Vicente Gil, 79 anos, é um barbeiro conhecido pela comunidade pelotense. Há 55 anos, o homem se dedica ao ofício com paixão e maestria, conquistando um público fiel e diversificado. Seu salão, localizado em uma das salas anexas à parte externa do Mercado Central, já se tornou um ponto de encontro e conversa, carregando consigo a memória viva de Pelotas. Ao longo de décadas, Vicente testemunhou as transformações do Mercado, e seu salão acompanhou estas mudanças, transportando-se de lugar para os quatro cantos do prédio, sem deixar de lado seu charme acolhedor. Com a tesoura em mãos e muitas histórias para contar, o barbeiro segue atendendo no mesmo ritmo e não pretende parar tão cedo.
O que motivou você a seguir a carreira de barbeiro?
Barbeiro é uma profissão boa e eu gosto dela. Aprendi quando tinha 16 anos, em 1962. Trabalhei durante três anos, de 1962 a 1965. Em 65, fui ao quartel e larguei a função, fui “quebrar a cabeça” um pouco. Retornei em 1968 para 1969, quando o Mercado Central pegou fogo. Nunca irei esquecer, foi no dia 4 de setembro de 69. Eu já estava aqui, mas no lado da Andrade Neves.
Como você descreve as mudanças no Mercado ao longo do tempo?
Aqui nós tínhamos a Ceasa, era aqui. Por isso, os caminhões encostavam com todos os produtos e as carretas de boi também paravam aqui. Caminhões de banana descarregavam aqui na frente. Peixe se vendia na rua. O Carnaval acontecia aqui. Tinha banca de melancia em toda a volta, principalmente ali na rua 15 de Novembro. Tudo isso era o Mercado e tudo também trazia o movimento. Tínhamos o abrigo de ônibus aqui do lado. E aqui dentro tinha tudo que se precisava: galinha viva ou galinha morta. Eu vi 23 açougues dentro do mercado. Com o decorrer do tempo, não tem mais nada. Tudo que se queria tinha, e hoje é mais difícil ter as coisas aqui. O Mercado Central era uma espécie de supermercado, mas mais forte do que os que existem hoje. O mais marcante que aconteceu foi o incêndio, que deixou todo mundo sem nada. Não perdi o salão, mas por dentro se perdeu tudo. Era gente chorando porque perderam tudo.

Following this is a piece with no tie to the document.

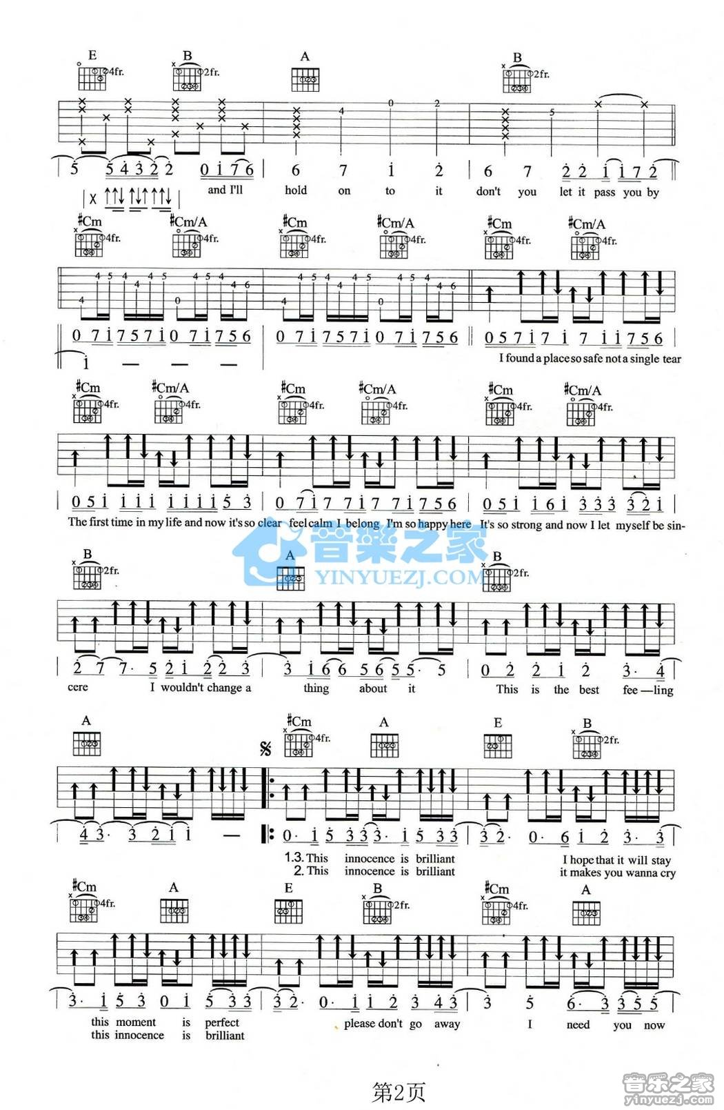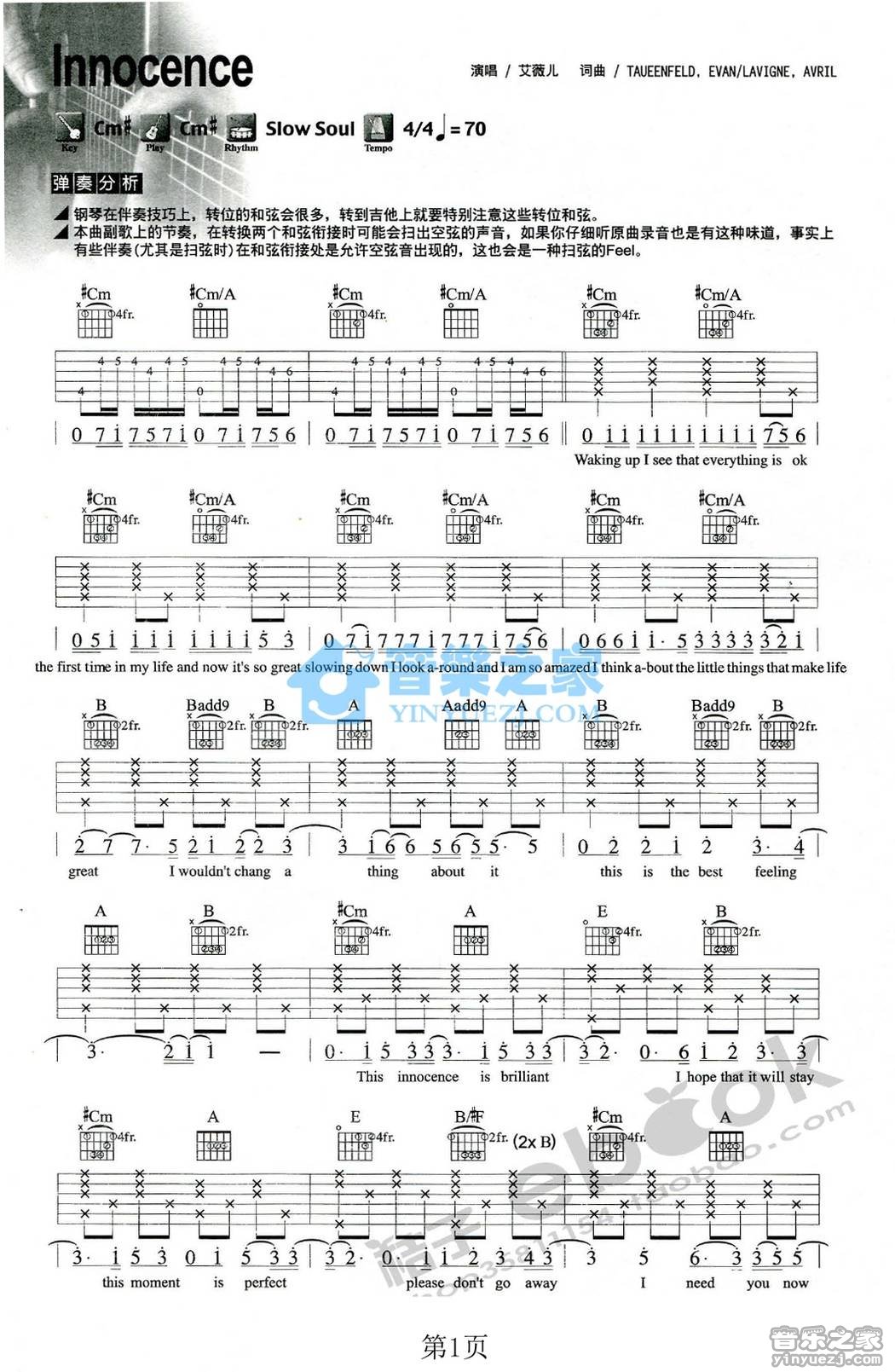曲谱介绍: 艾薇儿《Innocence》吉他弹唱谱,采用C调指法编配,音乐之家编配出品,共有3张高清图谱。
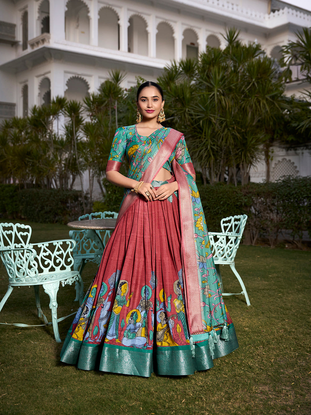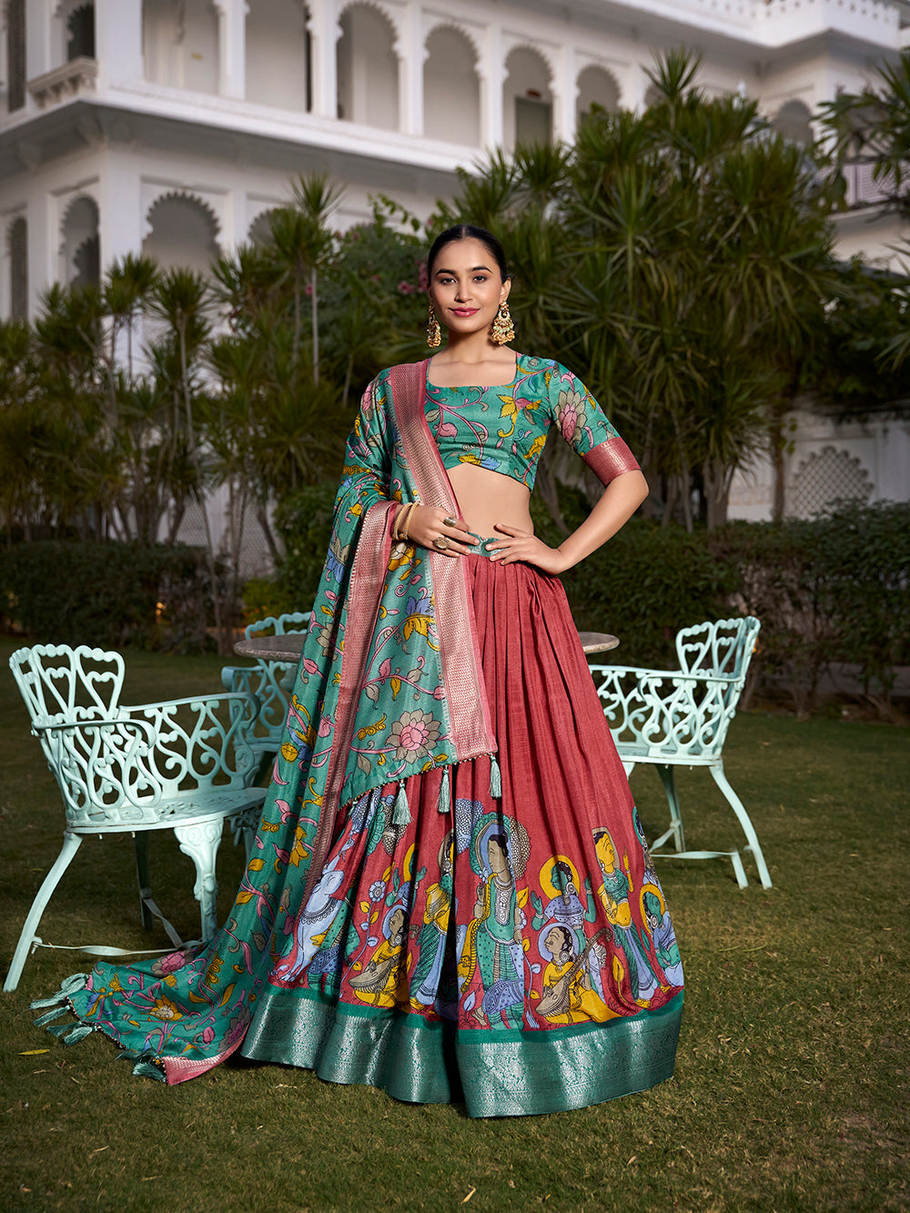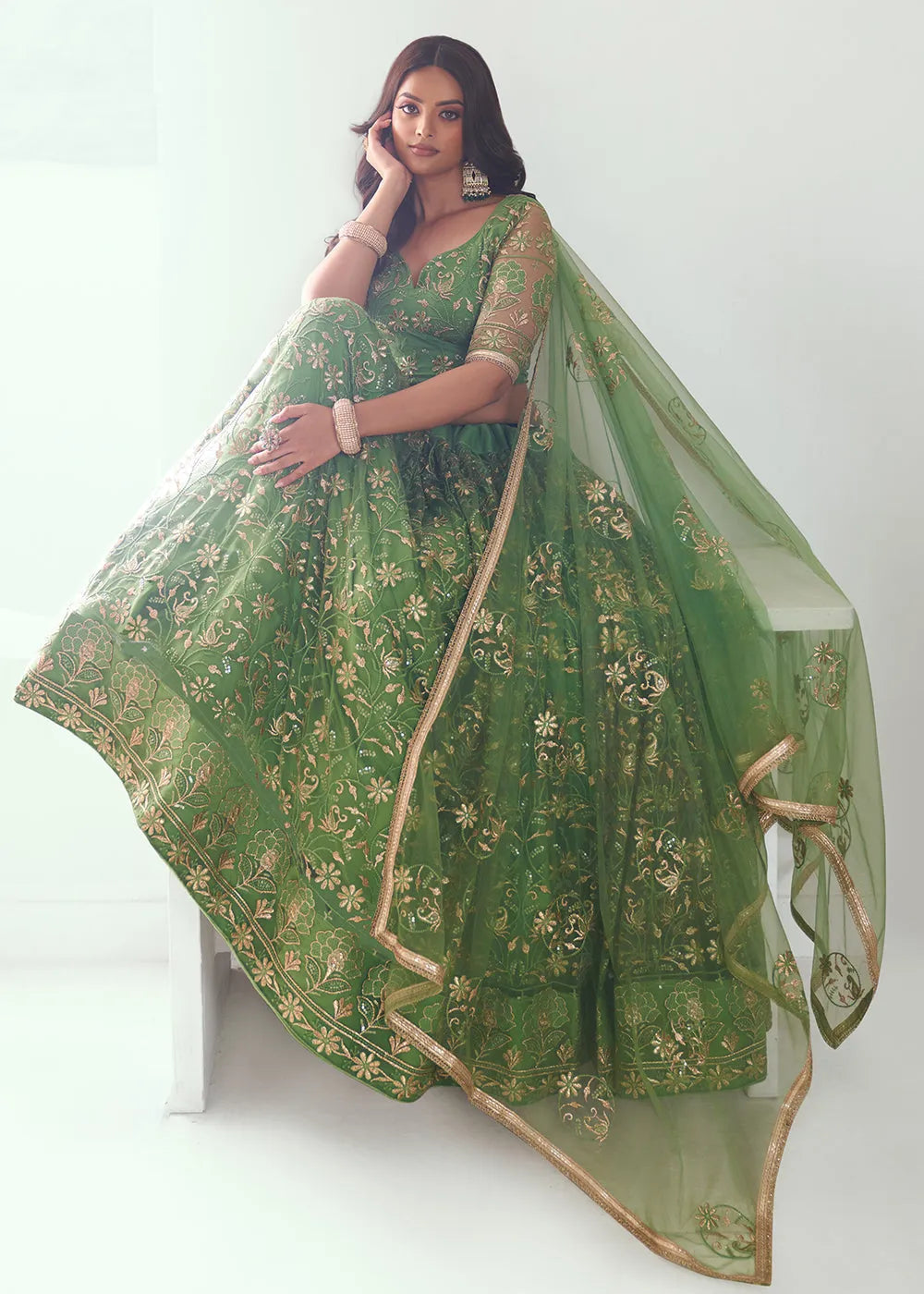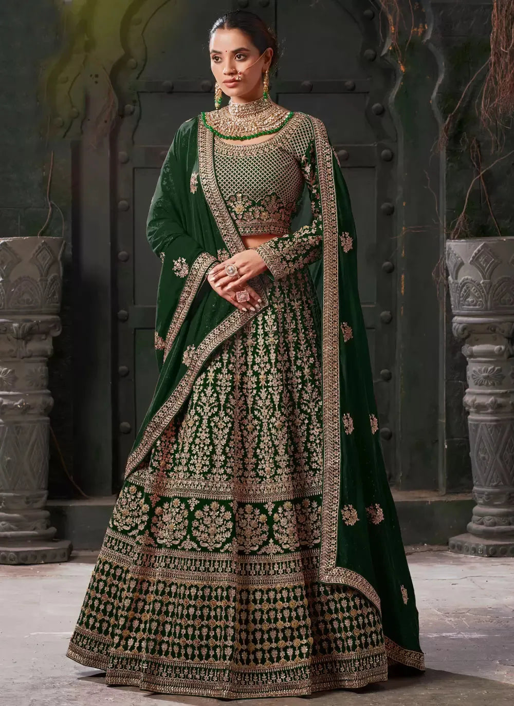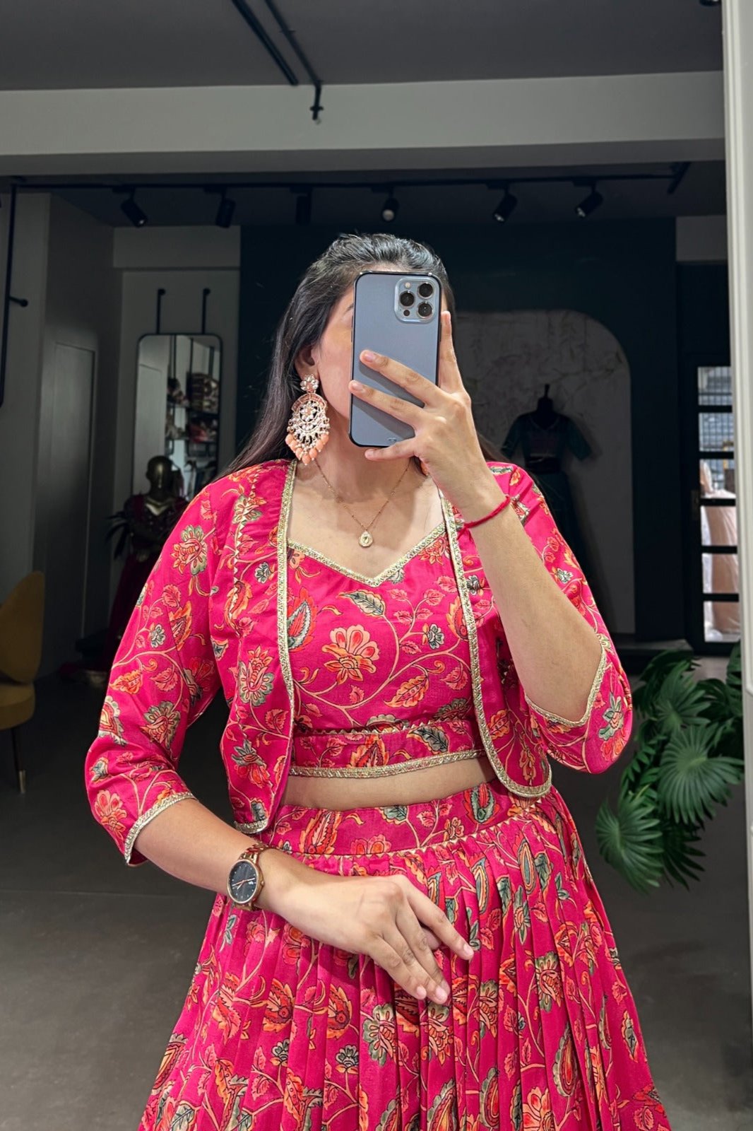 - lehenga is semi-stitched with can-can and canvas. It can be customized up to 42 inches.

Como você define a relação com a clientela durante tanto tempo?
Não tenho clientes, tenho só amigos. Atendo quatro gerações de clientes, e todos são meus amigos e frequentam o salão. Esses são os amigos que eu tenho. E foi isso que fortaleceu o meu trabalho por tanto tempo. E pretendo ficar até quando Deus me dizer: “não vem mais”. E eu gosto da minha profissão. Gosto de criar, de fazer, de conversar com o freguês e deixar todos eles satisfeitos. Sem contar as amizades. Eu digo para todo mundo que o velho tem que trabalhar para não pensar em nada, que assim ele vive. E eu me adapto com o tempo. O barbeiro é um aprendiz, sempre descobrindo cortes novos. Dessa forma, me mantenho.